%%
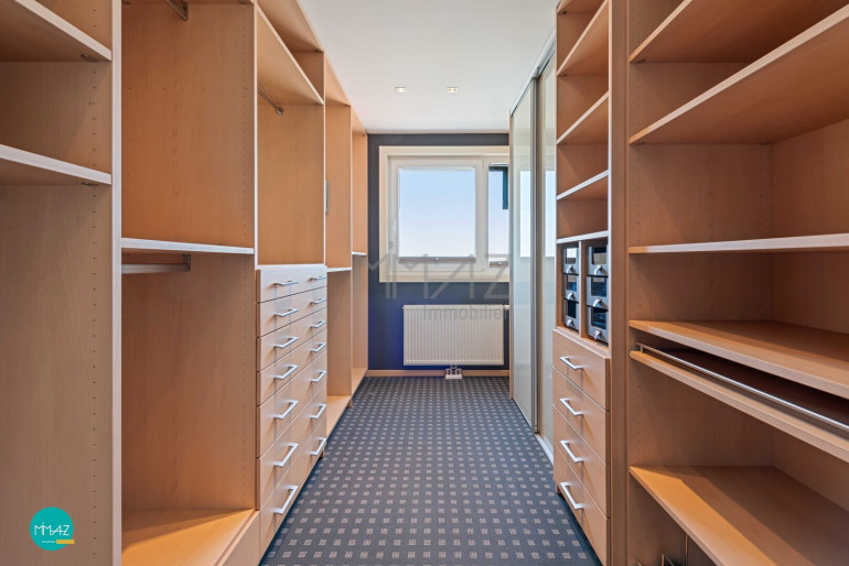 Über den offenen Vorraum mit separater Toilette (mit Handwaschbecken und Einbauschrank) sind die beiden Schlafzimmer zentral begehbar. Das mittlere Zimmer wurde bis jetzt als große begehbare Garderobe mit maßangefertigten Cabinet-Schränken genutzt.
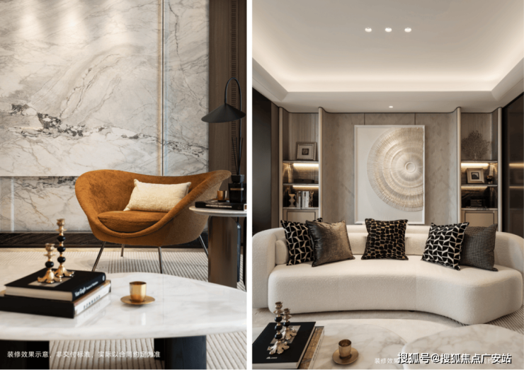 客厅背景墙的“烟雨江南”天然大理石,不同于传统平面背景墙,通过弧度及立体的造型处理,并镶嵌不锈钢材质,对于金茂而言,比奢石昂贵的,是让奢石真正与空间气场融为一体。
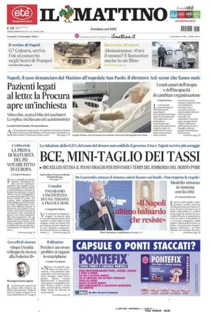 PRIMA PAGINA MATTINO - Il Napoli, ultimo baluardo che resiste. De Laurentiis attacca il sistema
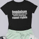 Feminism definition on a t-shirt. The belief that men and women should have equal rights. Progressive perspective to some. Welcome to the 21st century where women's rights are important. Fight for equality in the workplace and equal pay.
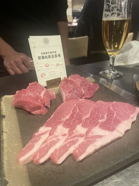 主菜として「炙りユッケ」「AUS盛り合わせ」「土別産」「帯広産」「千歳産」をいただきました。
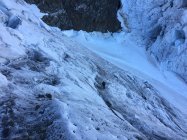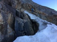 Bis gegen 2880 m klettert man hier im Bereich eines markanten Seracs - hier sicherlich objektive Eisschlaggefahr. Gegen 3000 m kann dann der Fels leicht querend nach rechts auf den Schmadrifirn verlassen werden. Die markante Spaltenzone wird leicht östlich haltend überwunden, hier haben wir streckenweise mit Schrauben gesichert. Weiterweg bis zum Schmadrijoch dann problemlos.
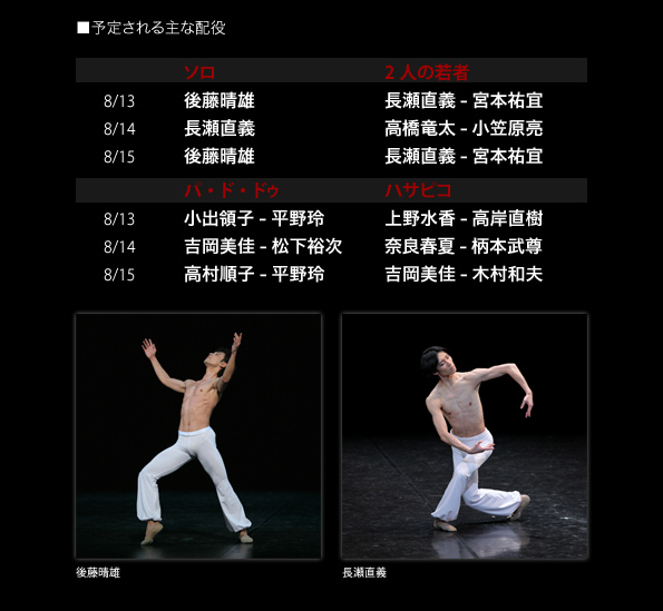 ソロ 2人の若者 8/13(金) 後藤晴雄 長瀬直義-宮本祐宜 8/14(土) 長瀬直義 高橋竜太-小笠原亮 8/15(日) 後藤晴雄 長瀬直義-宮本祐宜 パ・ド・ドゥ ハサピコ 8/13(金) 小出領子-平野玲 上野水香-高岸直樹 8/14(土) 吉岡美佳-松下裕次 奈良春夏-柄本武尊 8/15(日) 高村順子-平野玲 吉岡美佳-木村和夫
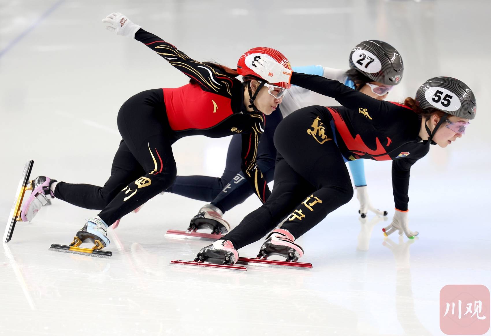 四川女子(右一)选手在1000米速滑比赛中
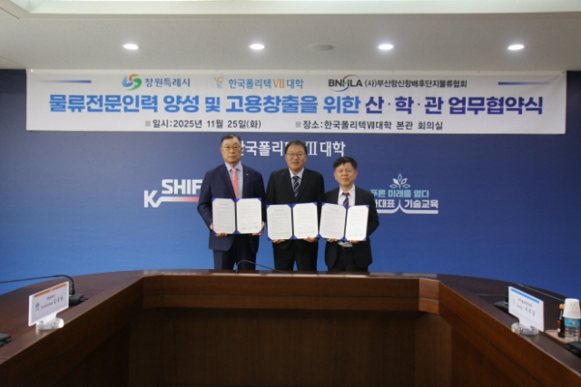 창원 소재 한국폴리텍Ⅶ대학은 창원시-(사)부산항신항배후단지물류협회와 물류 전문 인력 양성을 위한 산·학·관 업무협약을 체결했다고 26일 밝혔다.
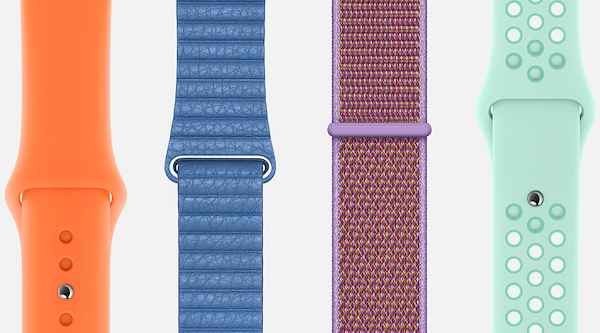 Côté Apple Watch, les coloris s'accordent évidemment avec ceux des coques pour les iPhone. Papaye, Lilas et Bleuet sont de retour. Mais il y en a bien d'autres Les modèles concernés sont nylon, boucle sport, boucle moderne, boucle cuir et Nike Sport. Les boucles Hermès, les plus chers des bracelets, ne sont pas oubliées avec six nouveaux modèles : Swift Rose, Swift Bleu et Swift Étoupe, déclinés chacun en simple tour et double tour.
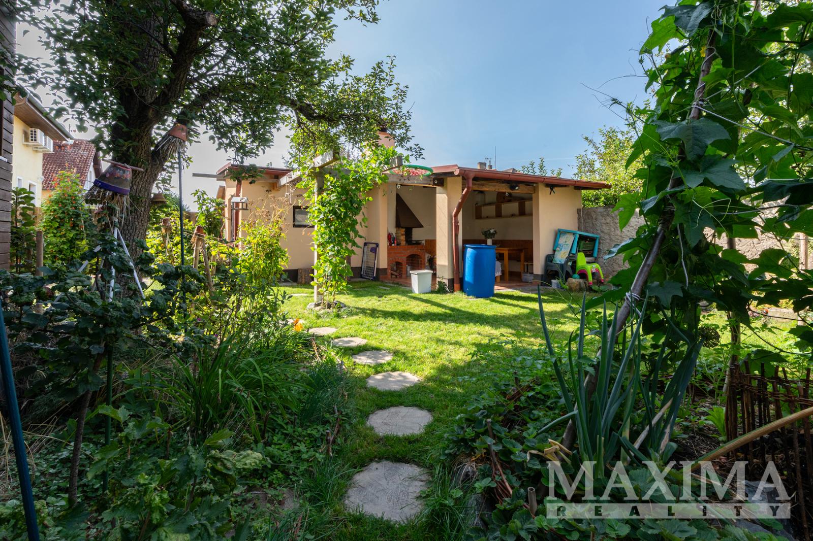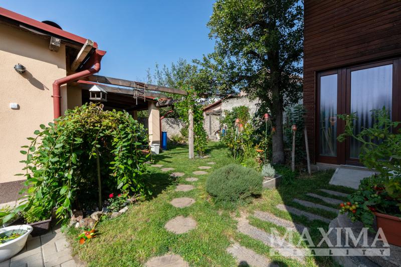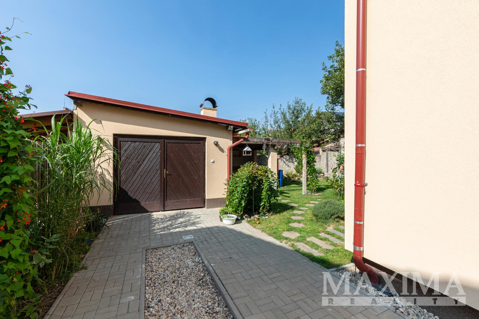 - Parkování a pozemek: zahrada se zastřešeným posezením a krbem, místnost pro kola/nářadí, garáž, parkování na pozemku i před domem (až 3 vozy)
%%
**Task item:** Every line from the one containing "四川女子(右一)选手在1000米速滑比赛中" through the end of the records is to be returned exactly, and those lines alone; pictures are dropped.

**Result of the exercise:**
 四川女子(右一)选手在1000米速滑比赛中
 창원 소재 한국폴리텍Ⅶ대학은 창원시-(사)부산항신항배후단지물류협회와 물류 전문 인력 양성을 위한 산·학·관 업무협약을 체결했다고 26일 밝혔다.
 Côté Apple Watch, les coloris s'accordent évidemment avec ceux des coques pour les iPhone. Papaye, Lilas et Bleuet sont de retour. Mais il y en a bien d'autres Les modèles concernés sont nylon, boucle sport, boucle moderne, boucle cuir et Nike Sport. Les boucles Hermès, les plus chers des bracelets, ne sont pas oubliées avec six nouveaux modèles : Swift Rose, Swift Bleu et Swift Étoupe, déclinés chacun en simple tour et double tour.
 - Parkování a pozemek: zahrada se zastřešeným posezením a krbem, místnost pro kola/nářadí, garáž, parkování na pozemku i před domem (až 3 vozy)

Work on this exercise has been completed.